Я смеялся вместе со всеми — ситуация и впрямь вышла забавная, а на физиономии полицейского застыла гримаса, достойная гравюры Хогарта. Внезапно я заметил под фонарем девочку, на ее лице читался такой ужас, что мне невольно захотелось утешить ее.

— Не бойся, это просто пьянчужка, полицейский ее не обидит.

— Ах, сэр, это моя мать.

Наши шутки всегда кого-то ранят. Человек, севший на гвоздь, не станет участвовать в общем веселье.

© Перевод М. Клеветенко

О вмешательстве в чужие дела

Однажды погожим сентябрьским утром я прогуливался по Стрэнду.

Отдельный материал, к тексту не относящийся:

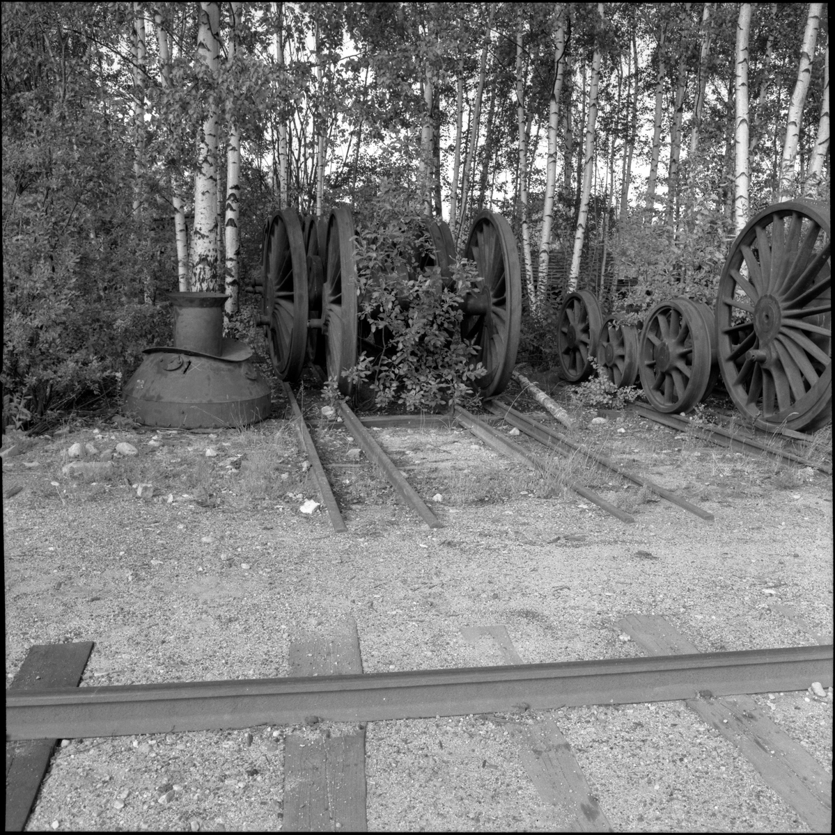 Ångdom och vagnshjul mm på Vislanda skrotplats.

Я люблю осенний Лондон с его сияющими белыми мостовыми и безупречной прямизной улиц. Люблю прохладные аллеи в утренних парках и мягкие сумерки в гулких переулках. В июне метрдотели торопливы и нелюбезны, в августе, признав во мне завсегдатая, предлагают столик у окна и щедрой рукой наливают вино. И моя глупая ревность утихает. Захочу прокатиться после ужина на омнибусе, подышать ночной свежестью — без давки поднимусь по ступенькам и займу место, не заботясь тем, что отнимаю его у раздраженной матери семейства, еле стоящей на ногах от усталости. Захочу посетить театр — нигде меня не встретит табличка «Все билеты проданы». В сезон столица, словно суетливая домохозяйка, озабоченная приемом гостей, забывает о нас, своих обитателях. Комнаты переполнены, слуги сбиваются с ног, пища готовится на скорую руку. Величавая матрона утрачивает лоск, превращаясь в крикливую и бойкую кухарку. Но вот гости разъехались, и она вновь становится собой — той, кого мы, ее преданные дети, привыкли любить.